Exercise ::
The entries should each be set down again precisely.

Data shown ::
----

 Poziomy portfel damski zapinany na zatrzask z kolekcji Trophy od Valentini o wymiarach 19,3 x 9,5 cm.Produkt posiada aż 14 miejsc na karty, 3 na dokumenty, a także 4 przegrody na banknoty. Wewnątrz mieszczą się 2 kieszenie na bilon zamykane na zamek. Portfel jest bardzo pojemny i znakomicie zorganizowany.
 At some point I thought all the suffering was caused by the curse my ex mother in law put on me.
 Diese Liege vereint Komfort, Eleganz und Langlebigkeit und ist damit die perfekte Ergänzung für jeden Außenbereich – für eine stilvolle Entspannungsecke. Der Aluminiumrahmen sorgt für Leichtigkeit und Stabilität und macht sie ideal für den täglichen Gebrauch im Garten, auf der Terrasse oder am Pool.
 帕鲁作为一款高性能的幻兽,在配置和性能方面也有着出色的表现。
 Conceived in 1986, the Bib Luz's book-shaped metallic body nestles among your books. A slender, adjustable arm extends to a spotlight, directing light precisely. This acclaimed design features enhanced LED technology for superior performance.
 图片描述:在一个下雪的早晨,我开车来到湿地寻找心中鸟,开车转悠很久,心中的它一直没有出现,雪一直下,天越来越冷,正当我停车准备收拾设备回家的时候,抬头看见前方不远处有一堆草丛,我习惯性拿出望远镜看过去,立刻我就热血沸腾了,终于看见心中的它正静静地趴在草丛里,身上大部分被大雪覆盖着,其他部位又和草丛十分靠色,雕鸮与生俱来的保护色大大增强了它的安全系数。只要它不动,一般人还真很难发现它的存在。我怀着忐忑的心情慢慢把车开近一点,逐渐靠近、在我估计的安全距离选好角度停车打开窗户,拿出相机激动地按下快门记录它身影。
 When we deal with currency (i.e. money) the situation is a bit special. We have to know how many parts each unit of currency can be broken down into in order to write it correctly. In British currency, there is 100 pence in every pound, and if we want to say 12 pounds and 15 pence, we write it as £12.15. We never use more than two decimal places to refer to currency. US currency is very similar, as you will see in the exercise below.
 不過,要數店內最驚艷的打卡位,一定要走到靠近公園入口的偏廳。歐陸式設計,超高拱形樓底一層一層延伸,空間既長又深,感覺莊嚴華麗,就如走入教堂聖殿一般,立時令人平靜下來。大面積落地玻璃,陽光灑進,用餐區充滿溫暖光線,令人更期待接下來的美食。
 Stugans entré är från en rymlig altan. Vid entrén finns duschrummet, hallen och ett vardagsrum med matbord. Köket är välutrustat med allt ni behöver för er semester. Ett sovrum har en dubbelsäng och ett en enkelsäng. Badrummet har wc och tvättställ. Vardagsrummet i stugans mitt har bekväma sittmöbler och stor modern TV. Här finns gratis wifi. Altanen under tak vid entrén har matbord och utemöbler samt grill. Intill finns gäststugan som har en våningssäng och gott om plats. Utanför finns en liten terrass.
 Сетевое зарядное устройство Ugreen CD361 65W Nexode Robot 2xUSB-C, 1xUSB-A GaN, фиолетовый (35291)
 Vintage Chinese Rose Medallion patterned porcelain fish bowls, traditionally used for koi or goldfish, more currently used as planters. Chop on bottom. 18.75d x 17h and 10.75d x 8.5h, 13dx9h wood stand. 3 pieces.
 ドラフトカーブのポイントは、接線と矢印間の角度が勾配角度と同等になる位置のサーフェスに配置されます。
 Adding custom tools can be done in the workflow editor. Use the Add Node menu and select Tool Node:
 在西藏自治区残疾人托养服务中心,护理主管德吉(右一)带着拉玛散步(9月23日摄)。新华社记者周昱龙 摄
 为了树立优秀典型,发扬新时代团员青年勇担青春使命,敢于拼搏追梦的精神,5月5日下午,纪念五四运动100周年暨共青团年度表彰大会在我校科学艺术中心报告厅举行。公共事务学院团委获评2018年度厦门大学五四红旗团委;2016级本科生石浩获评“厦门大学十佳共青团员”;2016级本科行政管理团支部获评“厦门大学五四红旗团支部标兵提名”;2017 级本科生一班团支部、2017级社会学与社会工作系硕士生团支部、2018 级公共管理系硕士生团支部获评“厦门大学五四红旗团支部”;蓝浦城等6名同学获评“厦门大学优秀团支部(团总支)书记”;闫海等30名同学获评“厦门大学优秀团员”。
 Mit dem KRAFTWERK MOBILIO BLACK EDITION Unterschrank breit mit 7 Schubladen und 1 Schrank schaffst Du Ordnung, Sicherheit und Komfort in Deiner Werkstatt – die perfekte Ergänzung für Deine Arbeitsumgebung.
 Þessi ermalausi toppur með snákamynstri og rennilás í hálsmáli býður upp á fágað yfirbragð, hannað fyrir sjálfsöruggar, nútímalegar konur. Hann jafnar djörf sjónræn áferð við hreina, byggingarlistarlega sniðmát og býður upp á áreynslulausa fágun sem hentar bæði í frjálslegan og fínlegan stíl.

----

Written reply ::
 Poziomy portfel damski zapinany na zatrzask z kolekcji Trophy od Valentini o wymiarach 19,3 x 9,5 cm.Produkt posiada aż 14 miejsc na karty, 3 na dokumenty, a także 4 przegrody na banknoty. Wewnątrz mieszczą się 2 kieszenie na bilon zamykane na zamek. Portfel jest bardzo pojemny i znakomicie zorganizowany.
 At some point I thought all the suffering was caused by the curse my ex mother in law put on me.
 Diese Liege vereint Komfort, Eleganz und Langlebigkeit und ist damit die perfekte Ergänzung für jeden Außenbereich – für eine stilvolle Entspannungsecke. Der Aluminiumrahmen sorgt für Leichtigkeit und Stabilität und macht sie ideal für den täglichen Gebrauch im Garten, auf der Terrasse oder am Pool.
 帕鲁作为一款高性能的幻兽,在配置和性能方面也有着出色的表现。
 Conceived in 1986, the Bib Luz's book-shaped metallic body nestles among your books. A slender, adjustable arm extends to a spotlight, directing light precisely. This acclaimed design features enhanced LED technology for superior performance.
 图片描述:在一个下雪的早晨,我开车来到湿地寻找心中鸟,开车转悠很久,心中的它一直没有出现,雪一直下,天越来越冷,正当我停车准备收拾设备回家的时候,抬头看见前方不远处有一堆草丛,我习惯性拿出望远镜看过去,立刻我就热血沸腾了,终于看见心中的它正静静地趴在草丛里,身上大部分被大雪覆盖着,其他部位又和草丛十分靠色,雕鸮与生俱来的保护色大大增强了它的安全系数。只要它不动,一般人还真很难发现它的存在。我怀着忐忑的心情慢慢把车开近一点,逐渐靠近、在我估计的安全距离选好角度停车打开窗户,拿出相机激动地按下快门记录它身影。
 When we deal with currency (i.e. money) the situation is a bit special. We have to know how many parts each unit of currency can be broken down into in order to write it correctly. In British currency, there is 100 pence in every pound, and if we want to say 12 pounds and 15 pence, we write it as £12.15. We never use more than two decimal places to refer to currency. US currency is very similar, as you will see in the exercise below.
 不過,要數店內最驚艷的打卡位,一定要走到靠近公園入口的偏廳。歐陸式設計,超高拱形樓底一層一層延伸,空間既長又深,感覺莊嚴華麗,就如走入教堂聖殿一般,立時令人平靜下來。大面積落地玻璃,陽光灑進,用餐區充滿溫暖光線,令人更期待接下來的美食。
 Stugans entré är från en rymlig altan. Vid entrén finns duschrummet, hallen och ett vardagsrum med matbord. Köket är välutrustat med allt ni behöver för er semester. Ett sovrum har en dubbelsäng och ett en enkelsäng. Badrummet har wc och tvättställ. Vardagsrummet i stugans mitt har bekväma sittmöbler och stor modern TV. Här finns gratis wifi. Altanen under tak vid entrén har matbord och utemöbler samt grill. Intill finns gäststugan som har en våningssäng och gott om plats. Utanför finns en liten terrass.
 Сетевое зарядное устройство Ugreen CD361 65W Nexode Robot 2xUSB-C, 1xUSB-A GaN, фиолетовый (35291)
 Vintage Chinese Rose Medallion patterned porcelain fish bowls, traditionally used for koi or goldfish, more currently used as planters. Chop on bottom. 18.75d x 17h and 10.75d x 8.5h, 13dx9h wood stand. 3 pieces.
 ドラフトカーブのポイントは、接線と矢印間の角度が勾配角度と同等になる位置のサーフェスに配置されます。
 Adding custom tools can be done in the workflow editor. Use the Add Node menu and select Tool Node:
 在西藏自治区残疾人托养服务中心,护理主管德吉(右一)带着拉玛散步(9月23日摄)。新华社记者周昱龙 摄
 为了树立优秀典型,发扬新时代团员青年勇担青春使命,敢于拼搏追梦的精神,5月5日下午,纪念五四运动100周年暨共青团年度表彰大会在我校科学艺术中心报告厅举行。公共事务学院团委获评2018年度厦门大学五四红旗团委;2016级本科生石浩获评“厦门大学十佳共青团员”;2016级本科行政管理团支部获评“厦门大学五四红旗团支部标兵提名”;2017 级本科生一班团支部、2017级社会学与社会工作系硕士生团支部、2018 级公共管理系硕士生团支部获评“厦门大学五四红旗团支部”;蓝浦城等6名同学获评“厦门大学优秀团支部(团总支)书记”;闫海等30名同学获评“厦门大学优秀团员”。
 Mit dem KRAFTWERK MOBILIO BLACK EDITION Unterschrank breit mit 7 Schubladen und 1 Schrank schaffst Du Ordnung, Sicherheit und Komfort in Deiner Werkstatt – die perfekte Ergänzung für Deine Arbeitsumgebung.
 Þessi ermalausi toppur með snákamynstri og rennilás í hálsmáli býður upp á fágað yfirbragð, hannað fyrir sjálfsöruggar, nútímalegar konur. Hann jafnar djörf sjónræn áferð við hreina, byggingarlistarlega sniðmát og býður upp á áreynslulausa fágun sem hentar bæði í frjálslegan og fínlegan stíl.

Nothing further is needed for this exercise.